Immigration and Sino–U.S. Foreign Relations
Tuesday, 16 Nov 2021 at 6:00 pm – Great Hall, Memorial Union
Through the lens of Chinese immigration and its regulation, this lecture explores key values and approaches applied by the U.S. government in managing racial and cultural diversity in its population and how immigration policy interacts with economic and international relations priorities.  As a racial minority associated with a major world power and economy, Chinese American and immigrant experiences reveal major shifts in U.S. conceptions of democracy and its place in the world. ÂMadeline Y. Hsu is Professor of History at the University of Texas at Austin and served as Director of the Center for Asian American Studies eight years (2006-2014). She was president of the Immigration and Ethnic History Society and is presently representative-at-large for the International Society for the Study of Chinese Overseas.
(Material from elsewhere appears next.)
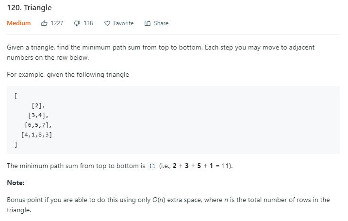 public int minimumTotal(List<List<Integer>> triangle) {

She was born in Columbia, Missouri but grew up in Taiwan and Hong Kong between visits with her grandparents at their store in Altheimer, Arkansas. She received her undergraduate degrees in History from Pomona College and PhD from Yale University. Her first book was Dreaming of Gold, Dreaming of Home: Transnationalism and Migration between the United States and South China, 1882-1943 (Stanford University Press, 2000). Her most recent monograph, The Good Immigrants: How the Yellow Peril Became the Model Minority (Princeton University Press, 2015), received awards from the Society for Historians of American Foreign Relations, the Immigration and Ethnic History Society, the Asian Pacific American Librarians Association, and the Association for Asian American Studies.
Stay for the entire event, including the brief question-and-answer session that follows the formal presentation. Most events run 75 minutes.
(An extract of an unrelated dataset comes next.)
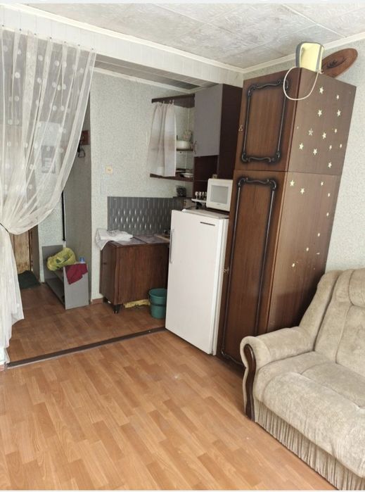 Холодногірський; Гостинка со своими удобствами, хозяин; гостиничного типа общей площадью 19.2. Этаж первый очень высокий, как полуторный, туалет, душ, бойлер- все свое. Район парка Юность на ХГ., остановка транспорта рядом с домом Рассмотрю продажу по сертификату.

Sign-ins are after the event concludes. For lectures in the Memorial Union, go to the information desk in the Main Lounge. In other academic buildings, look for signage outside the auditorium.
Lecture Etiquette
- Stay for the entire lecture and the brief audience Q&A. If a student needs to leave early, he or she should sit near the back and exit discreetly.
- Do not bring food or uncovered drinks into the lecture.
- Check with Lectures staff before taking photographs or recording any portion of the event. There are often restrictions. Cell phones, tablets and laptops may be used to take notes or for class assignments.
- Keep questions or comments brief and concise to allow as many as possible.